> What needs to be done: From the entries that follow, reproduce exactly and only the lines from the line with "в холодной воде." to the line with "Рядом с ними", endpoints included.

Segment Start: Records for processing

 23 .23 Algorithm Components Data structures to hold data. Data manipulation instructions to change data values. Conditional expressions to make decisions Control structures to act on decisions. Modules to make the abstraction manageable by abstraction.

Segment End: Records for processing
Segment Start: Records for processing

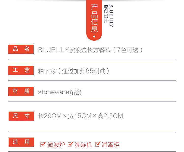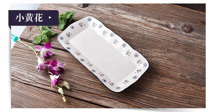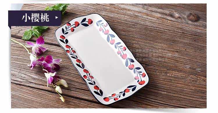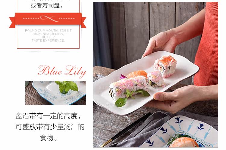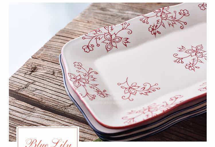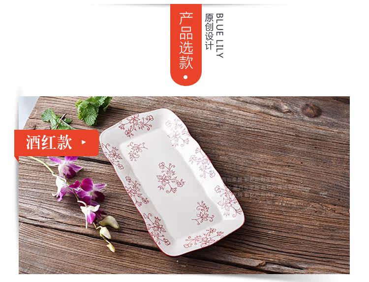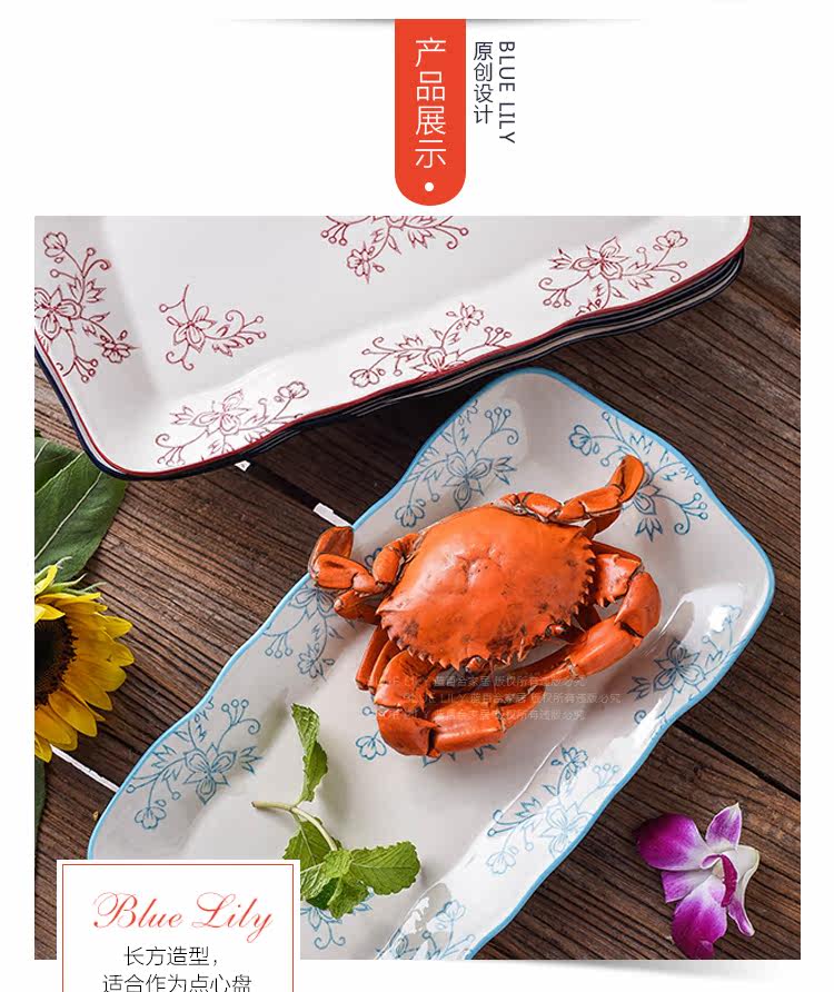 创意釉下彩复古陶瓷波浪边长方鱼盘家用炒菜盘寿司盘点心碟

Segment End: Records for processing
Segment Start: Records for processing

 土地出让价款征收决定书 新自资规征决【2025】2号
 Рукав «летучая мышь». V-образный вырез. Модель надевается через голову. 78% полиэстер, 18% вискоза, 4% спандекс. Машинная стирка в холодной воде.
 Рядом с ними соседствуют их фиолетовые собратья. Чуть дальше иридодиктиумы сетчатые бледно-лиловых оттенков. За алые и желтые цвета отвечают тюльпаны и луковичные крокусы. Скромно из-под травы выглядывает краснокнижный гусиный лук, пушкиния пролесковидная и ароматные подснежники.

Segment End: Records for processing

> Exercise answer:
 Рукав «летучая мышь». V-образный вырез. Модель надевается через голову. 78% полиэстер, 18% вискоза, 4% спандекс. Машинная стирка в холодной воде.
 Рядом с ними соседствуют их фиолетовые собратья. Чуть дальше иридодиктиумы сетчатые бледно-лиловых оттенков. За алые и желтые цвета отвечают тюльпаны и луковичные крокусы. Скромно из-под травы выглядывает краснокнижный гусиный лук, пушкиния пролесковидная и ароматные подснежники.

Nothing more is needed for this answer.